【triton】语意分割(Deep Labv3 )基于triton ensemble部署推理服务

deeplabv3 triton ensemble

摘要

本博客详细地描述如何把语意分割(deeplabv3)模型的预处理、推理、后处理部署在同一个triton服务里面,其中,使用预处理和后处理采用python为backend实现,推理使用onnxruntime/tensorrt为backend,最后通过triton的ensemble定制预处理、推理和后处理的流水线。
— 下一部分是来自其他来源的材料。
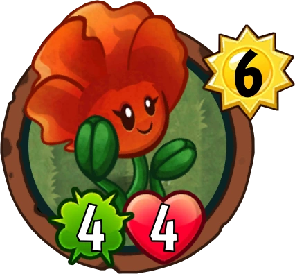 With 4/4 for 6 sun, Poppin' Poppies isn't very much herself. Instead, her ability is arguably the more powerful part of her, allowing her to function as a good defensive card. You can stall the zombies to give your plants an extra turn to attack freely, protect yourself when there are many vulnerable spots in your defenses or set up some defenses to pressure your opponent when the field is empty.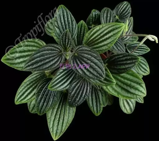 白脉椒草,也叫钻石翡翠,为胡椒科椒草属(也称豆瓣绿属)多年生草本植物,植株易丛生,高20cm~30cm,茎直立生长,红褐色。叶3~4片鸵生,具红褐色短柄,质厚,稍呈肉质,椭圆形,全缘,叶端突起,呈尖形,叶长5cm~8cm左右,宽3cm~5cm,叶色深绿,新叶略呈红褐色,在光照充足条件下尤为明显,叶面有5条凹陷的月牙形白色脉纹。穗状花序细长。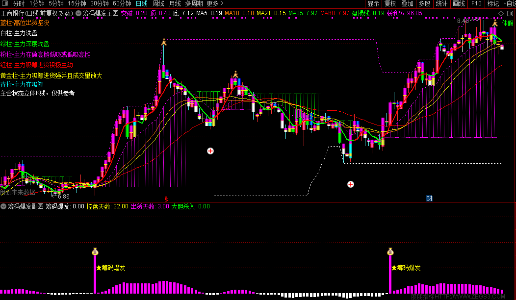 筹码爆发是通达信平台专业追踪主力资金动向的精品指标,独创"控盘度+筹码分布+趋势验证"三维分析体系。通过双重EMA算法精准计算主力控盘程度,实时显示白色(无庄)、红色(有庄)、绿色(出货)、粉色(高度控盘)四种状态,让庄家轨迹无处遁形。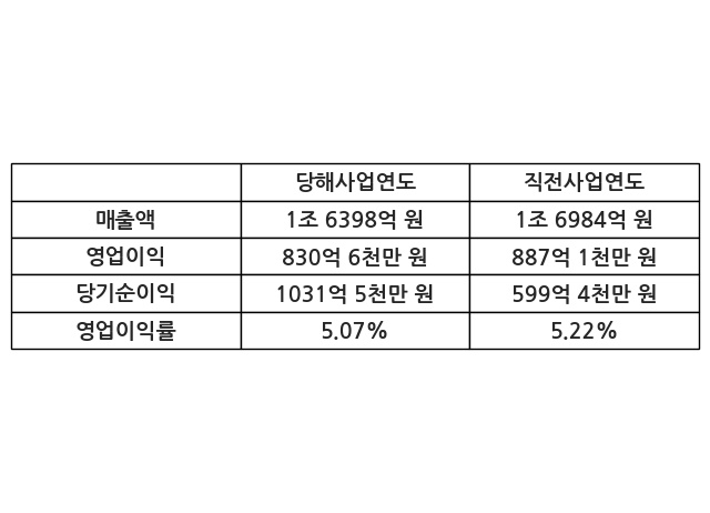 이번사업연도의 매출액은 직전사업연도 대비 -3.45% 감소한 1조 6398억 원, 영업이익은 830억 6천만 원, 당기순이익은 1031억 5천만 원이라고 공시했다.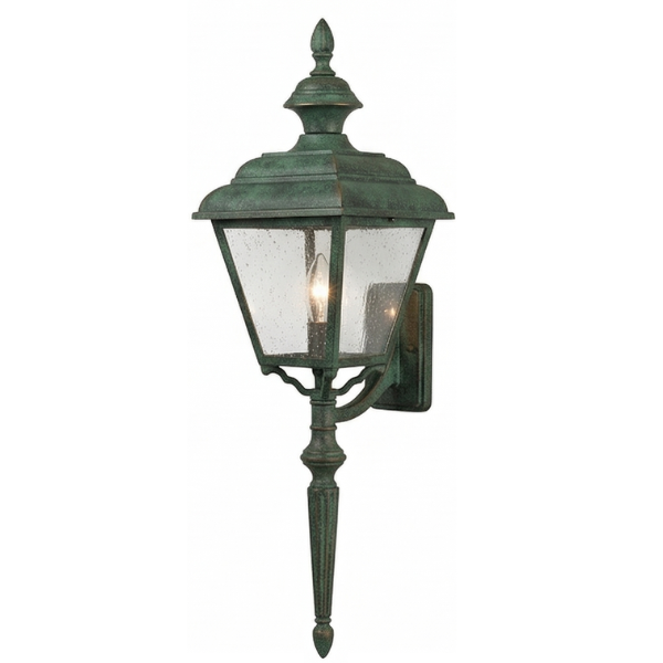 24" Plymouth 4-Sided Wall Mount w/ Tail, E26, Clear Seeded Glass/Verde Finish by Hanover Lantern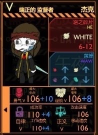 员工拥有三个主要度量能力的数值,它们分别是品质、属性和等级。主管在每日开始前的部署界面、选取员工右上角的员工情报和选择异想体收容单元指派员工工作的操作界面都能够直接检阅单个员工的这三个属性。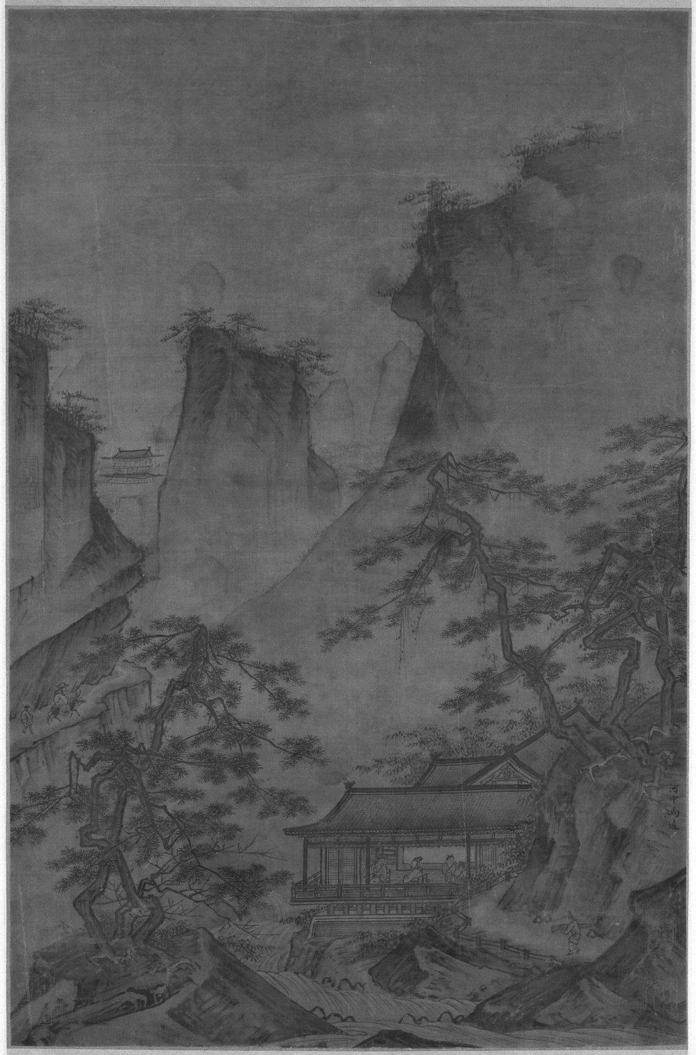 Landscape, 14th century. Hanging scroll, ink and light color on silk, Image: 18 x 11 5/8 in. (45.7 x 29.5 cm) Overall: 71 x 18 in. (180.3 x 45.7 cm). Brooklyn Museum, Designated Purchase Fund, 77.95. (Photo: Brooklyn Museum)
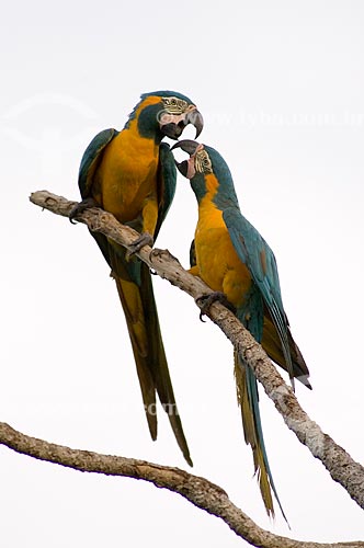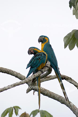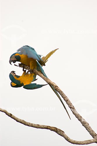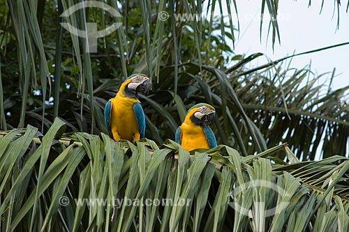 Subject: Couple of Blue-and-yellow Macaws (Ara ararauna), in a forest island / Place: Department of Beni - Bolivia / Date: 11/2005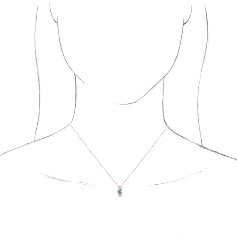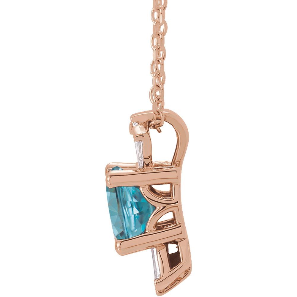 14k Rose Gold Round Shape Blue Zircon and 1/6 cttw Diamond Necklace (13x5.8mm, G-I, SI2-SI3), 16-18"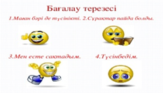 Дескриптор: Өз өлкесіндегі жануарлар тіршілігі туралы айта алады Жойылу алдындағы жануарлар туралы айта алады. Оларды сақтау туралы біледі. Дескриптор: Тест тапсырмаларын орындай алады Өтілген білім нәтижесін көрсете алады Бағалау кретерийлерін ұсыну «Жұлдыздар шеруі» әдісі |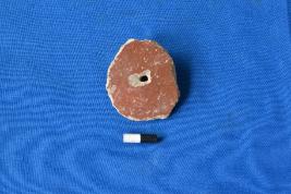 | Description / विवरण | A terracotta spindle whorl or wheel made out of a potsherd of red slipped ware with unfinished edges and a hole in the center. |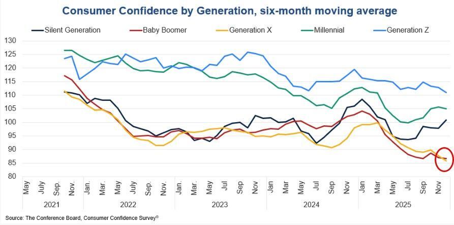 Boomers & Gen X Send Conference Board Consumer Confidence Tumbling In December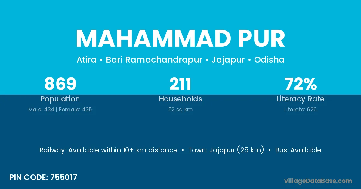 Saharsa (22 km) is the nearest town to Mahammad Pur village for major economic activities and is located approximately 22 km away.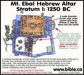 澤塔爾研究圓形祭壇裡面之灰燼的骨骸,發現90%以上是以色列人認定是禮儀上潔淨的動物之骨骸,證實有大部分年代是以色列人使用著「約書亞祭壇」。骨骸當中也有少許的Fallow Deer(申14:5,王上4:23)動物骨骸,牠是屬於不潔淨的,和不能獻祭的,以色列人不食用牠也不圈養牠。這證實圓形祭壇是效忠埃及的示劍王所建築的,他曾經用這種動物獻祭。過了短暫幾年,亞摩利人在原地建築長方祭祭壇,埋沒掉圓形祭壇,從此灰燼就不再增加了。再過短暫幾年,約書亞來到這裡,拆掉長方形祭壇,開始又在圓形祭壇的裡面添加灰燼。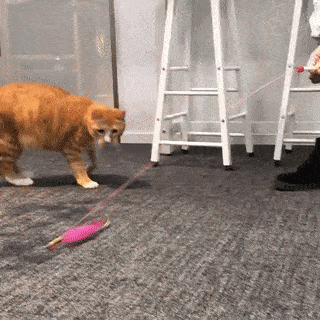 当主人拿逗猫棒去逗猫,或者猫咪捕猎时,再或者受到威胁时都会出现这种姿势!这种坐姿可以让猫咪更快速的出击,也可以更好的随时逃跑!

完成的项目代码可参考:triton_ensemble_model_zoo

triton ensemble 部署 onnx 模型

1、torch转onnx

python 复制代码
import torch
import torchvision
import onnx

# ========== 1. 加载预训练模型 ==========
model = torchvision.models.segmentation.deeplabv3_resnet50(
    weights=None,          # 不使用内置预训练权重
    aux_loss=True,         # 启用 aux_classifier,以匹配权重文件
    num_classes=21         # COCO 标准是 21 类(含背景),请按需修改
)
device = 'cuda' if torch.cuda.is_available() else 'cpu'
weight_path = r'weights/deeplabv3_resnet50_coco.pth'
state_dict = torch.load(weight_path, map_location=device)
model.load_state_dict(state_dict)
model = model.to(device).eval()

# ========== 2. 准备示例输入 ==========
# ONNX 导出需要提供一个示例输入张量,用于追踪计算图。
# 这里 batch_size 设为 1,但稍后会通过 dynamic_axes 声明为动态。
batch_size = 1
num_channels = 3
height, width = 512, 512   # DeepLabV3 期望的典型输入尺寸
dummy_input = torch.randn(batch_size, num_channels, height, width)
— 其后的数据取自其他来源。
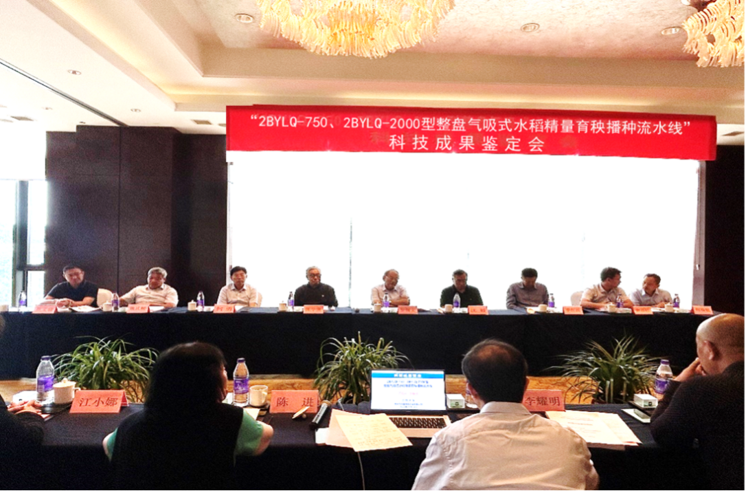 9月16日,中國機械工業(yè)聯合會在常州市主持召開科技成果鑒定會,由江蘇大學和常州市風雷精密機械有限公司共同完成的“2BYLQ-750、2BYLQ-2000型整盤氣吸式水稻精量育秧播種流水線”順利通過科技成果鑒定。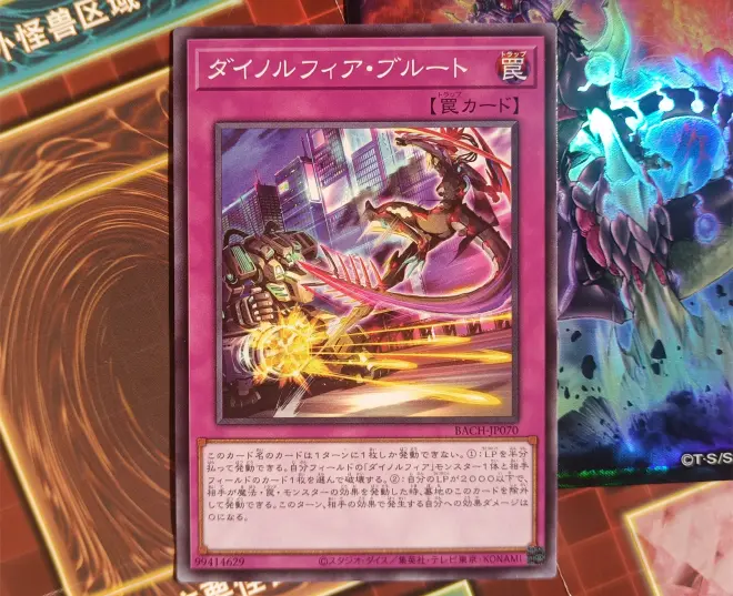 ①:自己场上有「 恐啡肽狂龙 」融合怪兽存在的场合,把基本分支付一半,从自己墓地把1张反击陷阱卡除外才能发动。这个效果变成和那张反击陷阱卡发动时的效果相同。
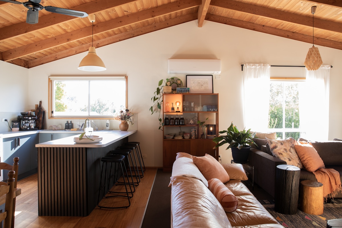Bienvenue à Oro. Hébergement de charme, privé et entièrement indépendant, situé dans une ancienne grange à tabac. Situé à seulement 20 minutes de Bright, ce chef-d'œuvre du paysage australien est entouré de montagnes, de Happy Valley Creek et de 20 acres de terres agricoles. Prenez place sur la véranda pour regarder la brume matinale se lever tranquillement. Observez la faune abondante qui est heureuse d'appeler Oro sa maison, ou soyez enivré par « l'heure d'or » de l'après-midi. Oro, un lieu de provision, de beauté déployée, de repos et de rafraîchissement.
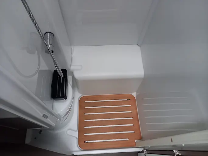 De badkamer van de T338 is compact maar functioneel. Hij beschikt over een toilet, een wastafel en een aparte douchehoek, zodat je ook onderweg comfortabel kunt douchen en jezelf kunt verzorgen.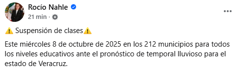La Gobernadora del Estado, Rocío Nahle informó que el Comité Estatal de Emergencias determinó la suspensión general de clases en los 212 municipios el día miércoles 08 de octubre, para todos los turnos y niveles educativos así también las labores docentes y administrativas en centros escolares.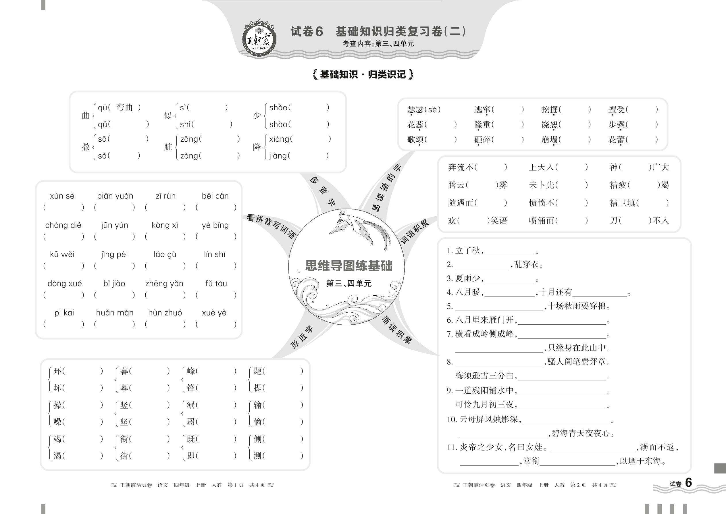 2024秋上册四年级语文人教版 第三、四单元基础知识归类复习卷【6】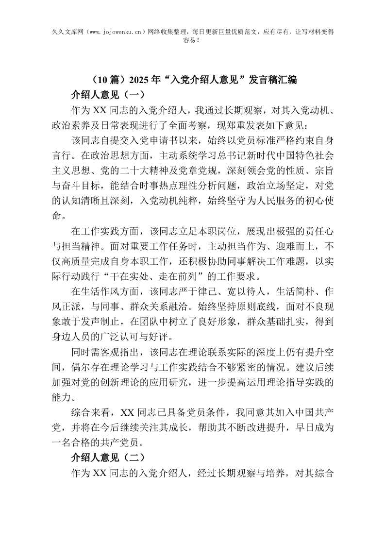 首页公文大全合集汇编5年“入党介绍人意见”发言稿汇编

# ========== 3. 定义动态轴 ==========
# 在导出时,指定哪些维度是动态的(可变长度)。
# 我们通常希望 batch 维度动态变化,也可以让高度/宽度动态(但需要注意模型内部可能对尺寸有隐含约束)。
dynamic_axes = {
    "input": {0: "batch_size"},        # 输入张量的第 0 维是 batch
    "output": {0: "batch_size"},       # 输出字典中的 "out" 张量的第 0 维是 batch
    # 如果还需要动态图像大小,可以取消注释下面的行,但可能需要对预处理做额外处理
    # "input": {2: "height", 3: "width"},
    # "output": {2: "height", 3: "width"},
}

# ========== 4. 导出 ONNX 模型 ==========
onnx_file_path = "weights/deeplabv3_resnet50_coco.onnx"
torch.onnx.export(
    model,
    dummy_input,                         # 示例输入
    onnx_file_path,                      # 保存路径
    input_names=["input"],               # 输入名字
    output_names=["output"],             # 输出名字
    dynamic_axes=dynamic_axes,           # 动态轴配置
    opset_version=11,                    # ONNX opset 版本,建议 >=11
    do_constant_folding=True,            # 折叠常量优化
    dynamo=False,                       # 是否打印导出日志
)

print(f"ONNX 模型已保存至: {onnx_file_path}")

# ========== 5. 验证导出的 ONNX 模型(可选) ==========
# 加载 ONNX 模型进行结构验证
onnx_model = onnx.load(onnx_file_path)
onnx.checker.check_model(onnx_model)
print("ONNX 模型验证通过!")

# ========== 6. 使用 ONNX Runtime 进行简单推理测试(可选)==========
try:
    import onnxruntime as ort
    import numpy as np

    # 创建 ONNX Runtime 推理会话
    ort_session = ort.InferenceSession(onnx_file_path)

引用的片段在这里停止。